Authors:
Henry Ehlers
1
;
Diana Marin
2
;
Hsiang-Yun Wu
3
and
Renata Raidou
1
Affiliations:
1
Visualization Group, Institute of Visual Computing and Human-Centered Technology, TU Wien, Favoritenstr. 9-11 / E193-02, A-1040 Vienna, Austria
;
2
Rendering and Modeling Group, Institute of Visual Computing and Human-Centered Technology, TU Wien, Favoritenstr. 9-11 / E193-02, A-1040 Vienna, Austria
;
3
St. Pölten University of Applied Sciences, Department of Media and Digital Technologies, Campus-Platz 1, St. Pölten, A-3100, Austria
Keyword(s):
Compound Graph Visualization, Literature Survey, Group Structure Visualization.
Abstract:
Compound graphs are common across domains, from social science to biochemical pathway studies, and their visualization is important to both their exploration and analysis.
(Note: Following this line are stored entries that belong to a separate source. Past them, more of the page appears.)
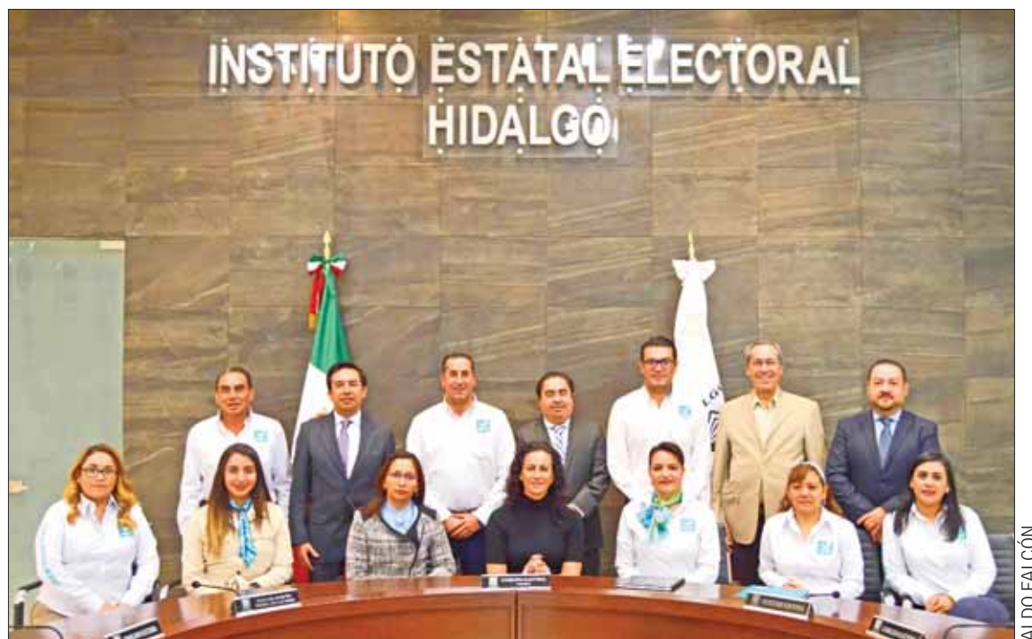
PARTICIPACIÓN. Fueron diversos temas los que ordenó el máximo órgano electoral restablecer para la próxima contienda.

1. "Se ordena al Consejo General del Instituto Electoral, hacer la corrección pertinente en materia de paridad de género, en cuanto hace a la mención textual de
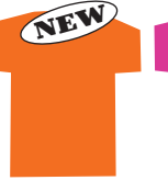
7.サンセットオレンジ
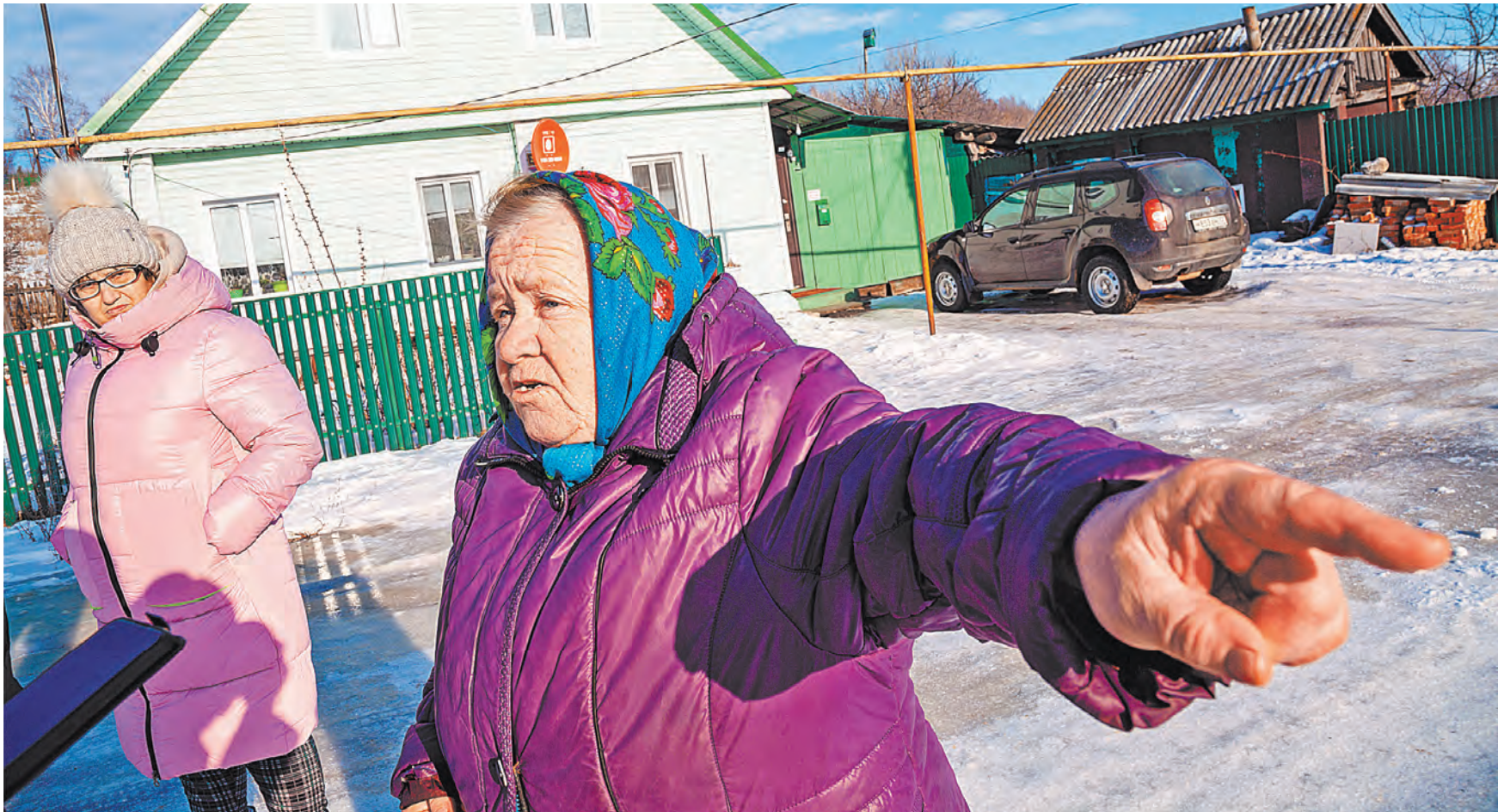
Жители села Большая Поляна никак не могут понять, почему надо посадить на нары человека за то, что он им бескорыстно помог.
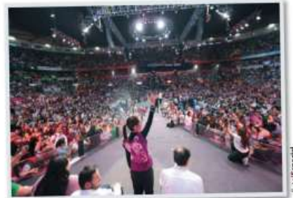
CLAUDIA Sheinbaum, ayer en la Arena México.

A 16 DÍAS del paso de Otis, autoridades buscan bajo deslave a una familia en la Nueva Era, ayer.
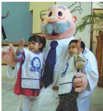
La Fundación del Dr. Simi apoya con donativo

"Más de 100 jóvenes viven en nuestras instalaciones de México sin costo; además impartimos clases de inglés, chino, coreano, danza, música, canto y valores, entre otras actividades", expresa Hyun
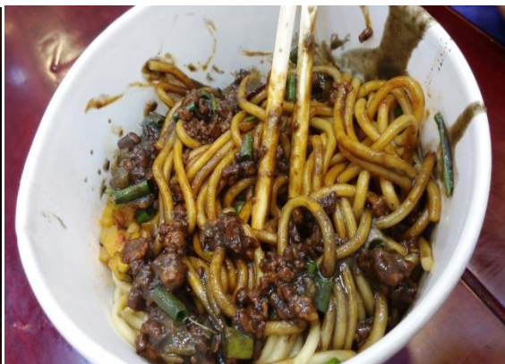
圖 5 蔡林記熱乾麵

However, effectively visualizing a compound graph’s topology and group structure requires careful consideration, as evident by the many different approaches to this particular problem. To better understand the current advancements in compound graph visualization, we have consolidated and streamlined existing surveys’ taxonomies. More specifically, we aim to disentangle the visual relationship between graph topology and group structure from the visual encoding used to visualize its group structure in order to identify interesting gaps in the literature. In so doing, we are able to enumerate a number of lessons learned and gain a better understanding of the outstanding research opportunities and practical implications across domains.